1.2Il est donc primordial de continuer à œuvrer pour parachever le marché unique, en l’étendant aux secteurs de la finance, des communications électroniques et de l’énergie, ainsi qu’en le renforçant dans le domaine des services.
1.3Les institutions de l’Union européenne et ses États membres doivent ouvrir un débat en bonne et due forme sur les règles fondamentales de l’Union et sur l’adéquation des traités en vigueur au regard des défis actuels, qui exigent de la célérité dans la pensée comme dans l’action.
1.4Le CESE invite les institutions européennes à aller de l’avant dans l’achèvement du marché unique, tout en restant très attentives à la durabilité environnementale, à la prospérité économique et à la cohésion sociale et territoriale, qu’elles devraient traiter comme des facteurs de compétitivité.
1.5Le CESE soutient l’analyse qu’effectuent les rapports Draghi et Letta quand ils rappellent qu’il est primordial qu’avec les valeurs et les règles qui sont les siennes, l’économie européenne retrouve sa compétitivité en consolidant sa place sur la scène internationale.
1.6Le CESE en appelle aux institutions de l’Union européenne pour qu’elles adoptent une politique industrielle capable de surmonter l’approche compartimentée qui prévaut aujourd’hui et se traduit par l’existence d’un faisceau de politiques industrielles nationales qui ne sont pas toujours coordonnées. De fait, présenter un front uni est la seule voie envisageable pour parvenir à proposer, en faveur du marché unique, cet arsenal efficace de dispositions fiscales, réglementaires, commerciales ou douanières et de mesures incitatives d’ordre financier dont on a besoin.
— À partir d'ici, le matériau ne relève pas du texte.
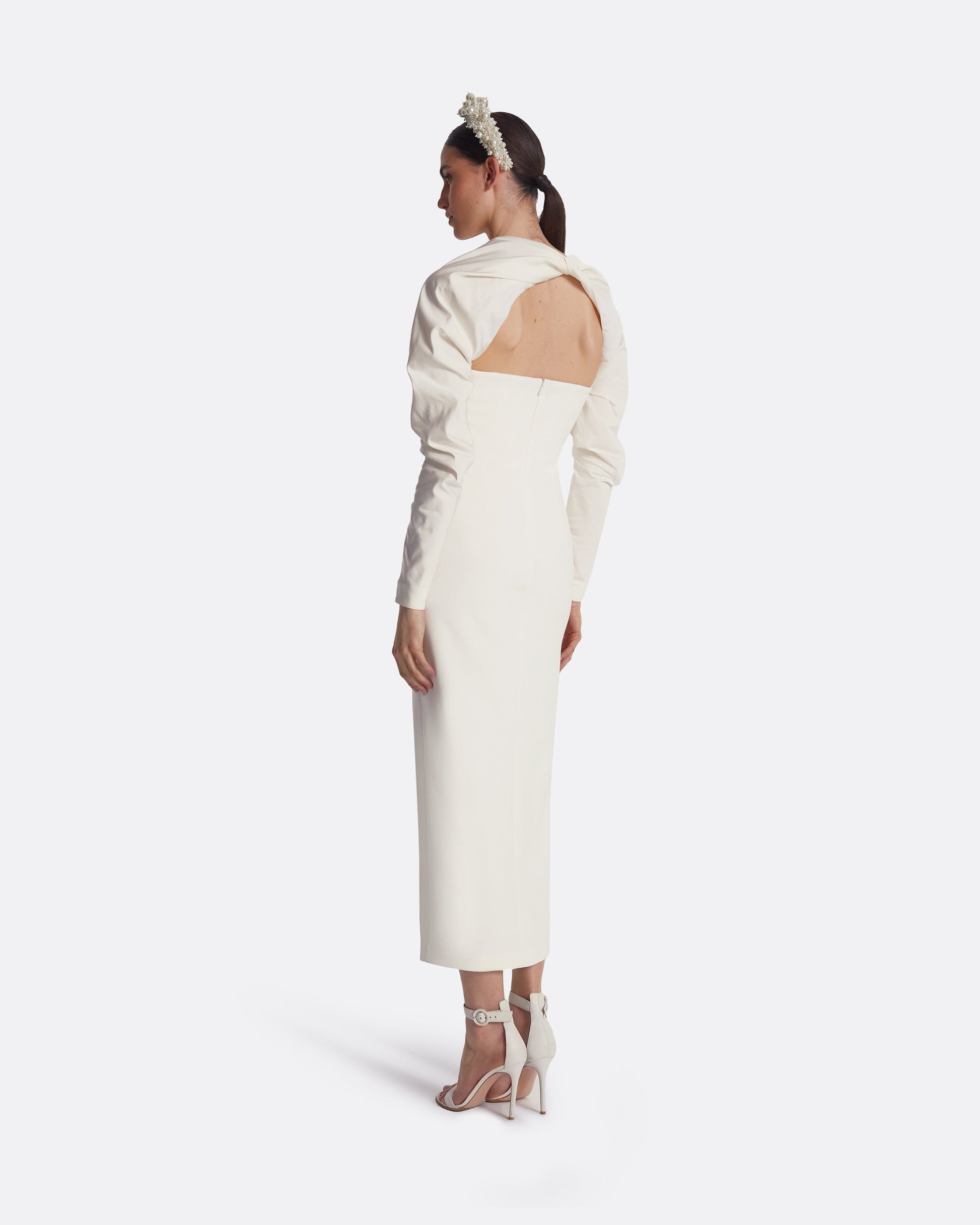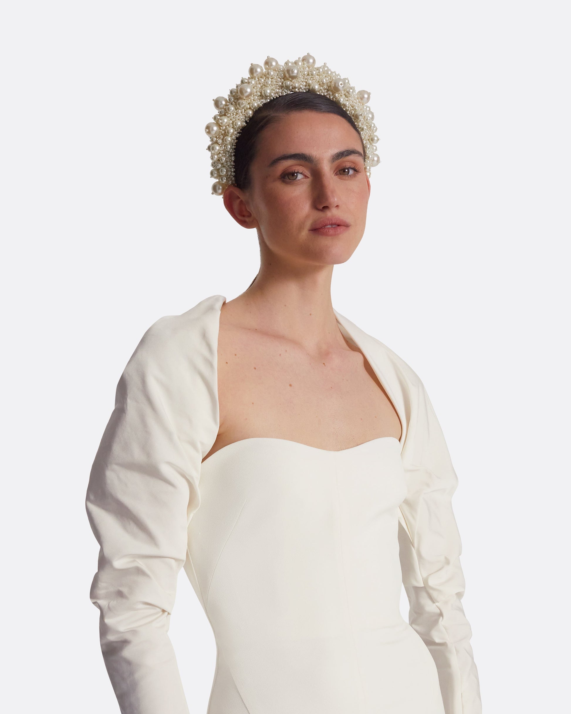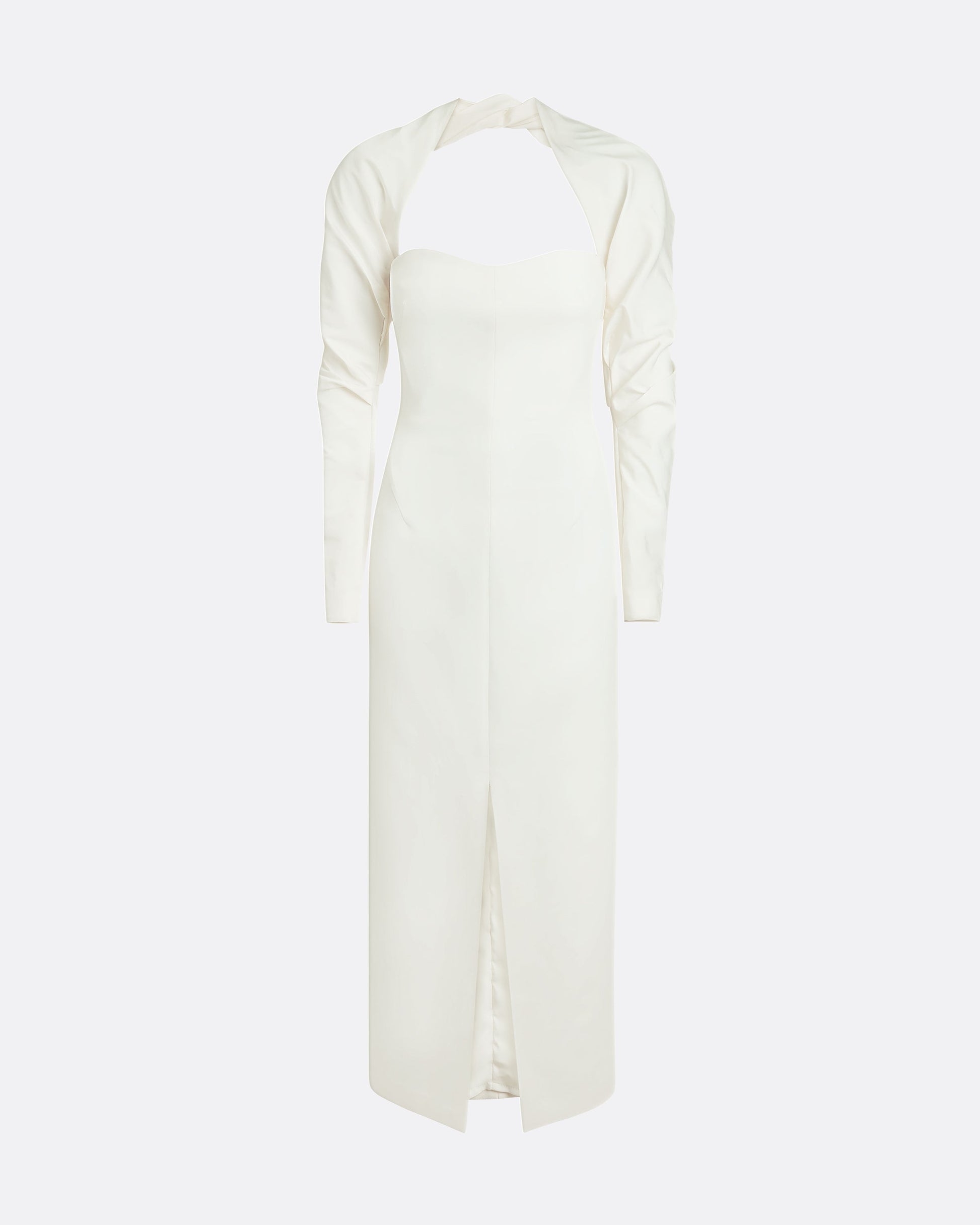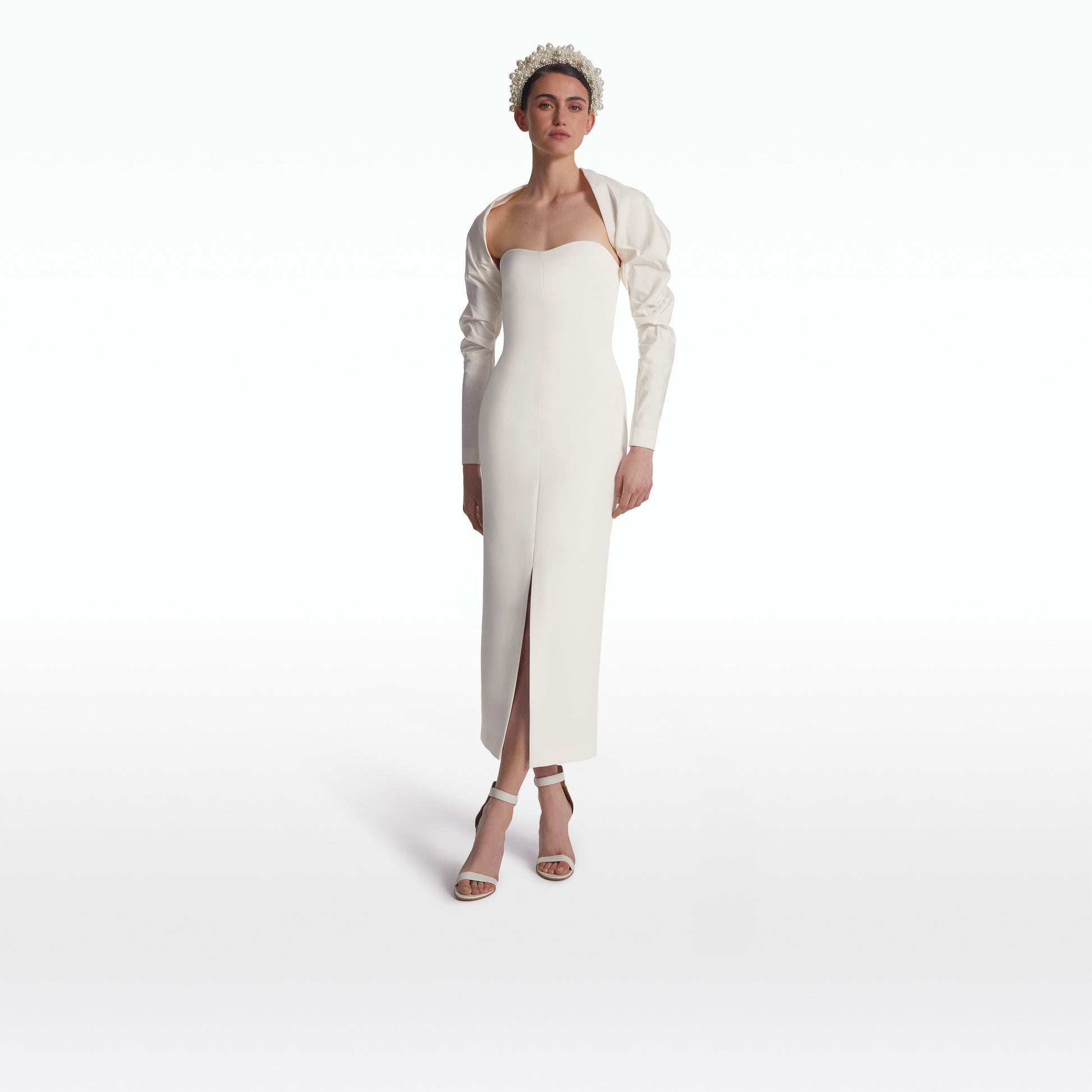 Bustier cocktail dress with centre front split and separate bolero with twist back detail in ivory Heavy Crepe and Faille.

1.7Le CESE rappelle qu’il importe d’alléger la charge bureaucratique et les coûts de mise en conformité qui pèsent sur les entreprises, par l’amélioration de la réglementation et une réelle simplification des exigences administratives. Il serait très utile à cet égard de renforcer l’analyse qui est faite de l’impact des réglementations, notamment du point de vue de la compétitivité («contrôle de compétitivité»), afin de soutenir l’esprit d’entreprise et la création d’emplois de qualité, l’amélioration des conditions de travail ainsi qu’une croissance économique durable et la cohésion sociale.
1.8Le CESE espère que des choix réglementaires seront posés en vue de réduire les prix de l’énergie, et surtout de réduire les écarts de prix entre les États membres et entre l’Europe et d’autres économies. À ce titre, il serait souhaitable de recourir plus largement aux contrats d’écart compensatoire et de découpler le prix des énergies renouvelables et d’autres formes d’énergie peu émettrices de carbone de celui, plus volatile, des énergies fossiles. Il serait par ailleurs bienvenu et nécessaire d’augmenter les investissements dans le secteur des énergies renouvelables et des autres formes d’énergie à faible intensité de carbone.
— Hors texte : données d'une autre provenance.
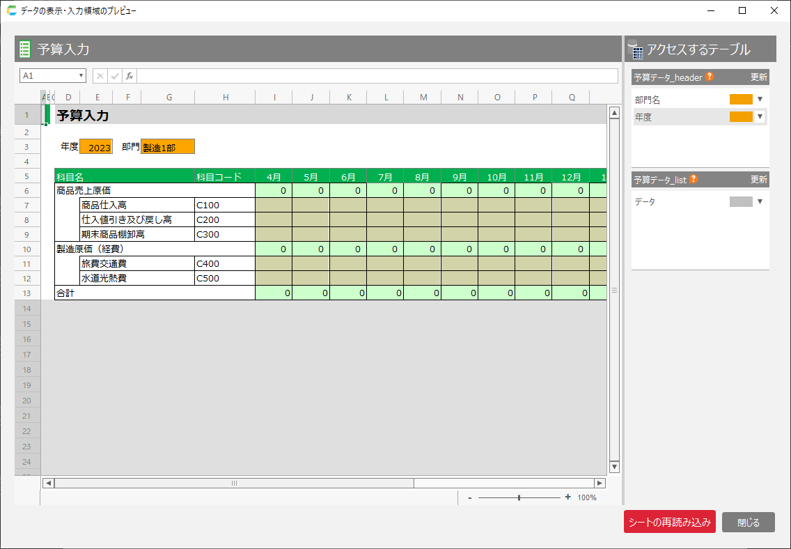 - プレビュー画面で、データを入力・参照するセルがExcelと同じであることを確認します。サンプルでは「E3」、「G3」、「I7:T9」、「I11:T12」になります。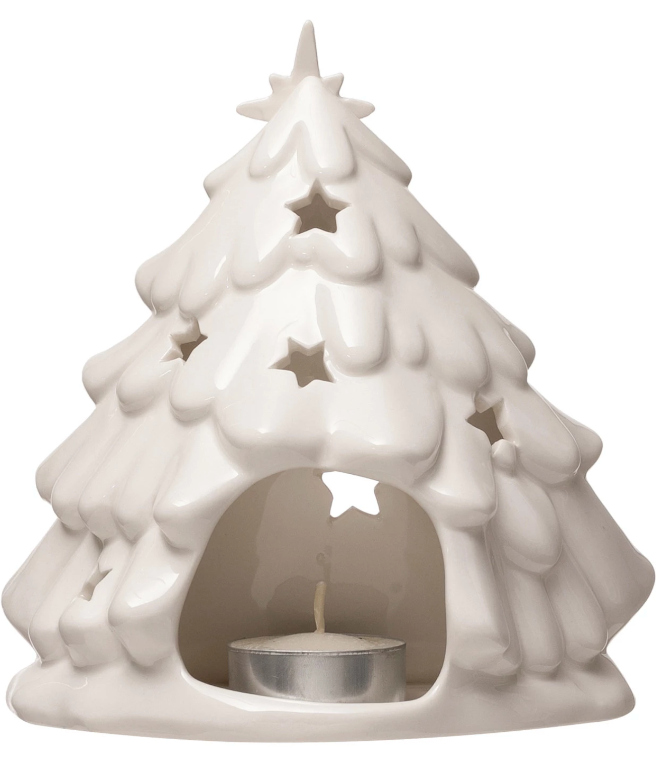 Add a touch of traditional holiday charm to your home with this Stoneware Christmas Tree Candle Holder featuring the Holy Family. Crafted from durable stoneware, this 5-3/4" L x 4" W x 5-3/4" H piece showcases a beautifully sculpted Christmas tree design with the Holy Family at its center. Its neutral white color allows it to blend seamlessly with any décor while standing out as a unique and meaningful holiday accent. Perfect for displaying a candle or as a centerpiece in your festive décor.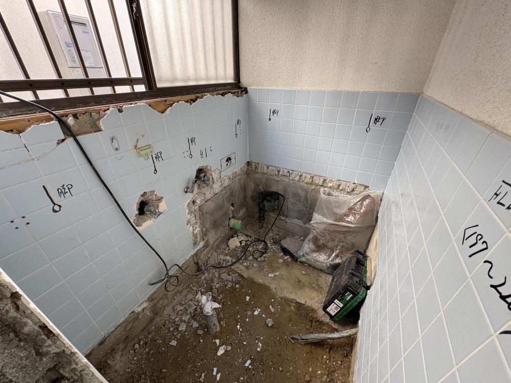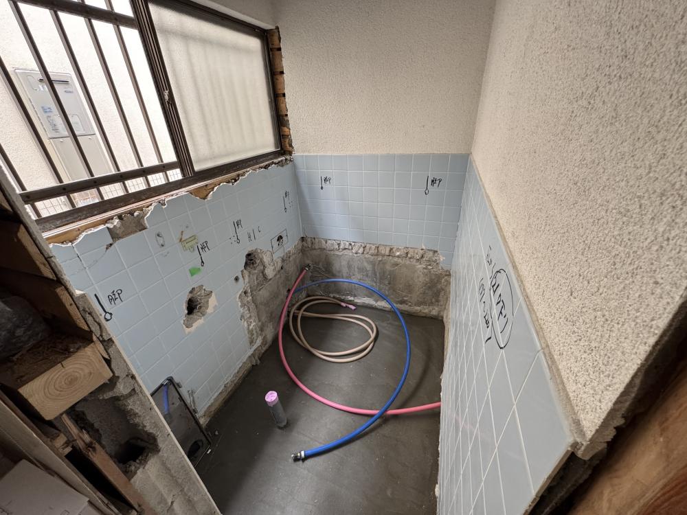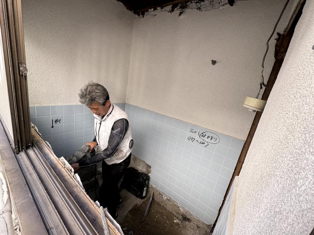 二日目スタートです!昨日で解体は完了!今日はユニットバスを設置する準備を進めていきます!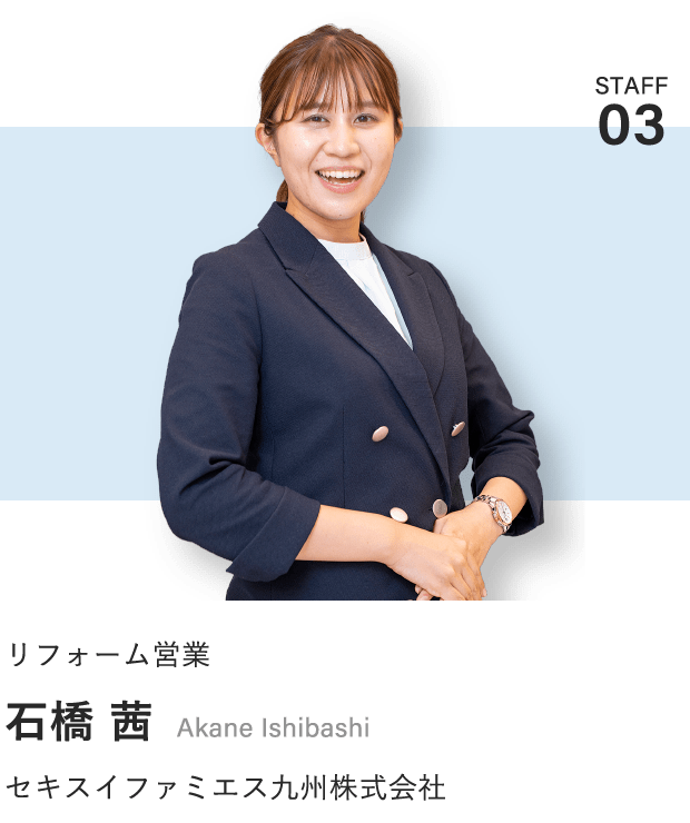 長年受け継いできたオーナー様とセキスイハイムの信頼関係をより強固なものにできるよう、これからもお客様に寄り添う気持ちを忘れずに仕事に取り組んでいきたいです。

1.9Le CESE considère qu’il y a lieu d’évaluer soigneusement le mécanisme d’ajustement carbone aux frontières (MACF) et il incite les législateurs de l’Union à se pencher sur les modalités adéquates pour calibrer le régime des exportations et importations de telle manière que l’industrie de l’Union européenne soit en mesure de rester compétitive sur les marchés internationaux.
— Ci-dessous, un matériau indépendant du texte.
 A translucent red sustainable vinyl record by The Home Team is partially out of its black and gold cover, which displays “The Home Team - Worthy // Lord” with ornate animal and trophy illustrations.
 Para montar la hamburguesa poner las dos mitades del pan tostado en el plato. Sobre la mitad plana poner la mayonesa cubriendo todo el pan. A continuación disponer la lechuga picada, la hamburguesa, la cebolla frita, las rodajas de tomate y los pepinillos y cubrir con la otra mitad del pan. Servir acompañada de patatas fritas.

1.10Le CESE relève que les actions proposées par les rapports Draghi et Letta nécessitent d’engager une série imposante d’investissements, et il invite en conséquence les institutions européennes à mener une réflexion sur une éventuelle émission d’actifs sûrs européens, auxquels il avait été recouru en réaction à la pandémie.
1.11Nonobstant la nécessité pour l’Union européenne de toujours se faire le champion de la paix, conformément à une vision de la sécurité qui dépasse la seule dimension militaire, le CESE constate que l’évolution des conditions géopolitiques appelle la mise en œuvre d’une politique européenne de défense, doublée d’une politique étrangère commune plus forte. Il faudra aussi augmenter les investissements dans la défense, notamment grâce à de nouveaux instruments de financement qui permettront de rehausser le niveau de développement technologique dans ce domaine.
1.12Le CESE espère qu’une réflexion nouvelle sera menée sur la question des biens publics européens, au terme de laquelle il sera possible de définir les priorités qui sont essentielles pour l’avenir de l’Union européenne. La fourniture de ces biens étant liée à des facteurs de nature économique, institutionnelle et politique, la démarche consistant à donner une garantie européenne sur ce terrain, en lieu et place de la multiplicité des approches nationales, apporterait une valeur ajoutée.
2.Introduction et contexte
2.1Le CESE apprécie les rapports Draghi et Letta, tant pour le large éventail de thèmes qu’ils abordent que pour avoir le courage d’avancer des propositions ambitieuses. Les deux documents partent d’une analyse générale pour procéder ensuite à un examen détaillé des initiatives qu’ils suggèrent de prendre pour renforcer le marché unique et la compétitivité de l’Union européenne. Le CESE entend ici analyser celles parmi les questions abordées dans les deux rapports qui apparaissent les plus urgentes.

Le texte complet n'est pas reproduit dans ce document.